对于第二和第四个连接器，唯一的区别是端口号。 简而言之，您可以为每个连接器/协议configuration多个端口，但不能为同一端口configuration多个协议/连接器。

我们可以

这是可能的，我们已经做到了。 这里的代码适用于Jetty 8; 我没有testing过Jetty 9，但是这个答案对于Jetty 9有类似的代码。

顺便说一句，这就是所谓的港口统一 ，而且在Glassfish使用Grizzly显然已经得到了长期的支持。

大纲

其基本思想是生成一个org.eclipse.jetty.server.Connector的实现，它可以在客户请求的第一个字节处向前看。 幸运的是HTTP和HTTPS都有客户端启动通信。 对于HTTPS（通常是TLS / SSL），第一个字节是0x16 （TLS），或>= 0x80 （SSLv2）。 对于HTTP，第一个字节将是可打印的7位ASCII。 现在，根据第一个字节， Connector将产生SSL连接或纯连接。

在这里的代码中，我们利用了Jetty的SslSelectChannelConnector本身扩展了SelectChannelConnector的事实，并且有一个newPlainConnection()方法（调用它的超类来产生一个非SSL连接）以及一个newConnection()方法（产生一个SSL连接）。 所以我们的新Connector可以扩展SslSelectChannelConnector并在观察客户端的第一个字节后委托给其中一个方法。
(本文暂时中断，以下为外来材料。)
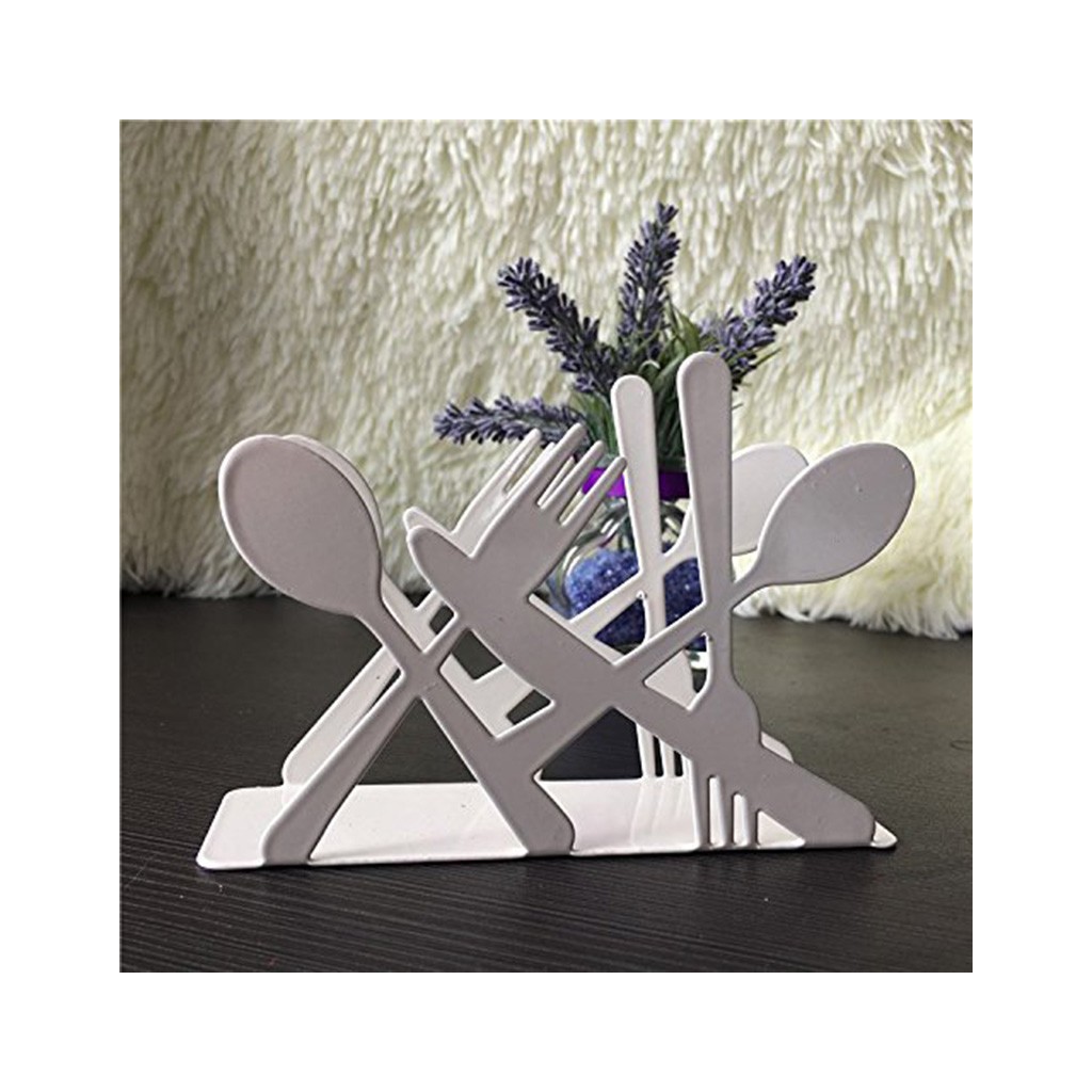Метален салфетник „Прибори“ – бял, 14x9x4 см

不幸的是，我们希望在第一个字节可用之前创build一个AsyncConnection的实例。 在第一个字节可用之前，甚至可以调用该实例的某些方法。 所以我们创build一个LazyConnection implements AsyncConnection ，它可以在稍后找出它将委托给哪种types的连接，甚至可以在它知道之前将某些方法返回合理的默认响应。

基于NIO，我们的Connector将与SocketChannel工作。 幸运的是，我们可以扩展SocketChannel来创build一个ReadAheadSocketChannelWrapper ，它委托给“真正的” SocketChannel但可以检查和存储客户端消息的第一个字节。

一些细节

一个非常hacky位。 我们的Connector必须覆盖的方法之一是customize(Endpoint,Request) 。 如果我们结束了一个基于SSL的Endpoint我们可以传给我们的超类; 否则超类将抛出一个ClassCastException ，但是只有在传递给它的超类并在Request上设置scheme之后。 所以我们传递给超类，但是当我们看到这个exception的时候撤消设置scheme。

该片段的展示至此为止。